For an individual earning ₹15 LPA, the default new tax regime limits total tax liability to ₹97,500 by applying a ₹75,000 standard deduction. The old regime requires a higher outgo of ₹2,57,400 unless the filer can claim over ₹5.43 lakh in investment and rent deductions.
NEW DELHI — Salaried individuals earning an annual gross income of ₹15 lakh are facing a critical financial choice as they structure their declarations under the formal operationalization of the new Income Tax Act, 2025. Following the structural updates initially established by the Ministry of Finance, data verified by central tax planners on Wednesday, June 24, 2026, reveals that the default new tax regime offers a substantial, hassle-free tax reduction for middle-to-upper-middle-income brackets. However, standard mathematical modeling shows that the choice between the traditional tax track and the updated default framework depends heavily on a taxpayer’s ability to claim major localized exemptions.
The Default Mathematics: Zero Investment vs. Maximum Slabs
Under the direct tax updates maintained for the active financial year, the new tax regime continues to utilize expanded progressive slices that lower the immediate liability for general earners. For a corporate employee with a gross CTC of ₹15,00,000, the new framework automatically applies an enhanced standard deduction of ₹75,000.

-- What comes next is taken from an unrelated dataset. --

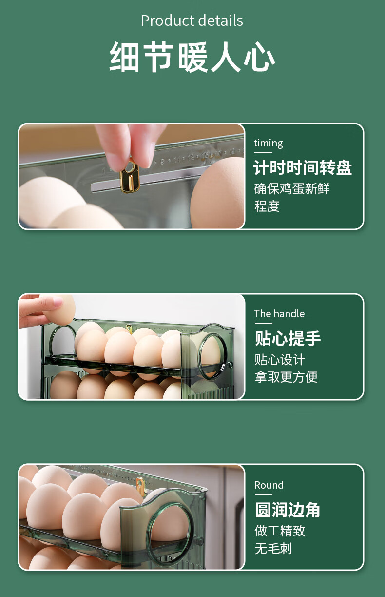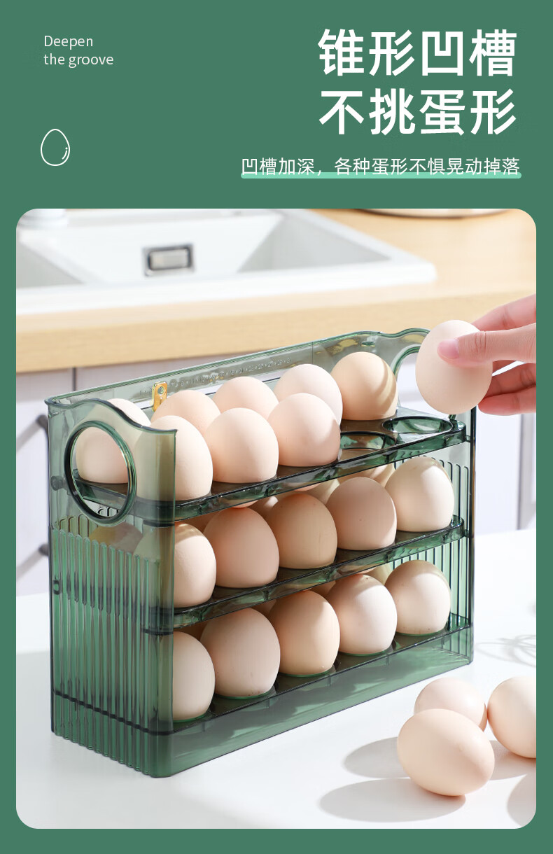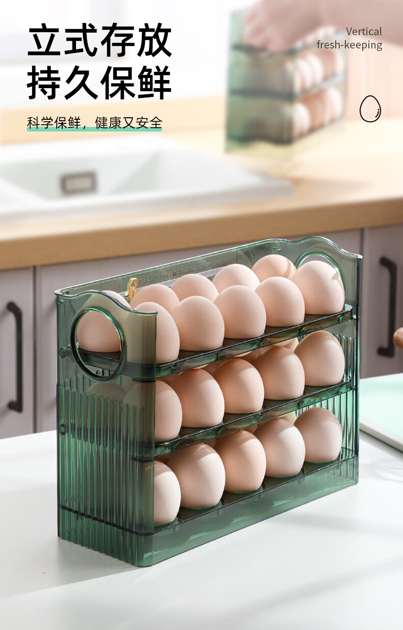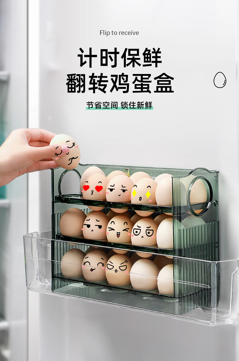 Rihe Shengtang flip-up egg storage box for refrigerator side door egg box drawer-type egg rack holder egg grid storage and organization ice transparent color 1 pack can hold 30 eggs

This adjusts the net taxable baseline down to exactly ₹14,25,000. When processed through the modern, zero-deduction tax brackets, the total baseline tax accumulates to ₹93,750. After adding the mandatory 4 percent Health and Education Cess, the absolute outgo settles at ₹97,500.
Conversely, the old tax regime presents a much steeper tax progression for the exact same package if no savings investments are claimed. Factor in the old regime’s smaller ₹50,000 standard deduction, and the taxable income rests at ₹14,50,000. Because incomes above ₹10 lakh are taxed at a flat 30 percent in the older system, the total liability escalates to ₹2,47,500 before cess, translating to a final payment of ₹2,57,400. This means the new regime delivers an automatic, zero-effort saving of ₹1,59,900.
Finding the Inversion Point: The Deductions Needed to Win
For conservative investors who actively use long-term tax instruments, the old system can still yield favorable results—but only if total claims pass a specific financial tipping point. To help individuals visualize this cross-over threshold, financial advisors map out the exact volume of deductions needed to equalize both options.
To reduce the old regime tax liability down to or below the new regime's baseline of ₹97,500, a salaried professional must claim at least ₹5,43,750 in total personal deductions (excluding the standard deduction). If an individual's combined claims under Section 80C, Section 80D, House Rent Allowance (HRA), and home loan interest fall short of this amount, filing under the default new tax regime remains the more financially optimal choice.
Regulatory Simplification and Sector Impact
According to updates provided by the Income Tax Department, the ongoing push toward the new tax regime is part of a deliberate long-term strategy to phase out complex, multi-layered exemptions. The introduction of the simplified Income Tax Act, 2025, significantly trims down compliance workloads by consolidating the legal framework from over 700 sections down to 536 easily navigable provisions.
For the broader corporate and financial services sectors, this structural migration changes how employees approach compensation design. Human resource departments are increasingly restructuring flexible benefit plans to prioritize direct, cash-in-hand payouts over complex, itemized insurance or rent reimbursements, boosting monthly liquid savings across the middle-class workforce.
Quote Section
"The overarching goal of our direct tax evolution is transparency and predictability for individual earners," stated a senior direct tax policy official during a recent implementation briefing. "According to officials, the default framework removes the administrative burden of locking up personal liquidity in specific financial instruments purely to lower a tax bill. Organizers stated that the system is built to provide maximum disposable income to the consumer from day one."
Why It Matters
For salaried professionals, understanding the interplay between these two tax paths is essential for maximizing household savings and maintaining financial flexibility. Opting for the new tax regime gives individuals complete control over their cash flow, allowing them to route disposable funds into high-yield mutual funds or liquid equities rather than locking capital into low-yield, tax-saving instruments. For the broader economy, the resulting boost in take-home pay drives steady consumer demand across key consumer markets, including retail electronics, automobiles, and real estate.
Key Facts at a Glance
Default Framework Advantage: At a ₹15 LPA salary level, the new tax regime requires an absolute liability of just ₹97,500, with no investment requirements.
The Traditional Penalty: Failing to declare investments under the old tax system pushes the liability to ₹2,57,400 for the same income level.
High Tipping Point: Taxpayers must secure more than ₹5.43 lakh in eligible deductions to make the old regime more tax-efficient than the new system.
Enhanced Deductions: Salaried professionals filing under the new regime benefit from an upgraded standard deduction of ₹75,000.
Streamlined Compliance: The updated direct tax rules eliminate complex proof-submission workflows for the vast majority of active filers.
FAQ Section
Can I switch between the old and new tax regimes every year?
Yes. Salaried individuals who do not have business or professional income have the flexibility to choose their preferred tax regime on a yearly basis when filing their Income Tax Return (ITR).
Are popular deductions like Section 80C and HRA available under the new tax regime?
No. To offer lower tax rates across its income slabs, the new tax regime disallows almost all traditional exemptions and deductions, including Section 80C, Section 80D, HRA, and home loan interest on self-occupied property.
What is the exact standard deduction available for salaried individuals?
For the current tax year, salaried individuals are eligible for a standard deduction of ₹75,000 under the default new tax regime, and ₹50,000 if they explicitly opt for the old tax regime.